=== Begin Enclosure ===
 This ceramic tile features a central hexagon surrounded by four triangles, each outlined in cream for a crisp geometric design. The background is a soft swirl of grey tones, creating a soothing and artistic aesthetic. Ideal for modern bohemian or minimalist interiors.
=== End Enclosure ===
=== Begin Enclosure ===
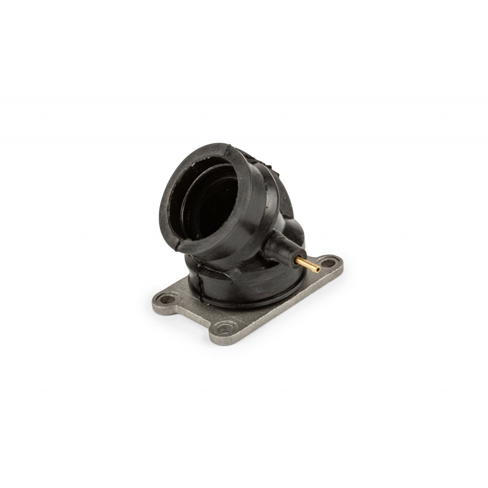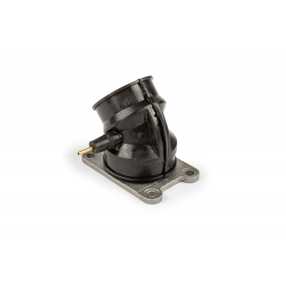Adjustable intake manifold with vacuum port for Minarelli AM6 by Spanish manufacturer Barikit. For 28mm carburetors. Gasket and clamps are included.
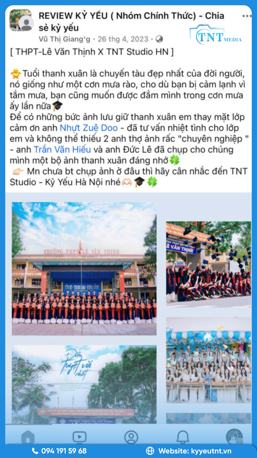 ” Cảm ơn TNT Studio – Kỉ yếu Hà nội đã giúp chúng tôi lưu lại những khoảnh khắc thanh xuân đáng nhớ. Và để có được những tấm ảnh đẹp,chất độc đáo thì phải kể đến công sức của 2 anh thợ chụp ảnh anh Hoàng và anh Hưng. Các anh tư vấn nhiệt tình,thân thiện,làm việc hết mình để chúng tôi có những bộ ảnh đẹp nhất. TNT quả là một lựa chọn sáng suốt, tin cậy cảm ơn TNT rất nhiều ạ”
=== End Enclosure ===
Instructions to follow: In the listing above, find the line containing "Adjustable intake manifold" and the line containing "ơn TNT Studio". Reproduce those lines and all between them exactly, with no pictures and nothing more.

Result:
Adjustable intake manifold with vacuum port for Minarelli AM6 by Spanish manufacturer Barikit. For 28mm carburetors. Gasket and clamps are included.
 ” Cảm ơn TNT Studio – Kỉ yếu Hà nội đã giúp chúng tôi lưu lại những khoảnh khắc thanh xuân đáng nhớ. Và để có được những tấm ảnh đẹp,chất độc đáo thì phải kể đến công sức của 2 anh thợ chụp ảnh anh Hoàng và anh Hưng. Các anh tư vấn nhiệt tình,thân thiện,làm việc hết mình để chúng tôi có những bộ ảnh đẹp nhất. TNT quả là một lựa chọn sáng suốt, tin cậy cảm ơn TNT rất nhiều ạ”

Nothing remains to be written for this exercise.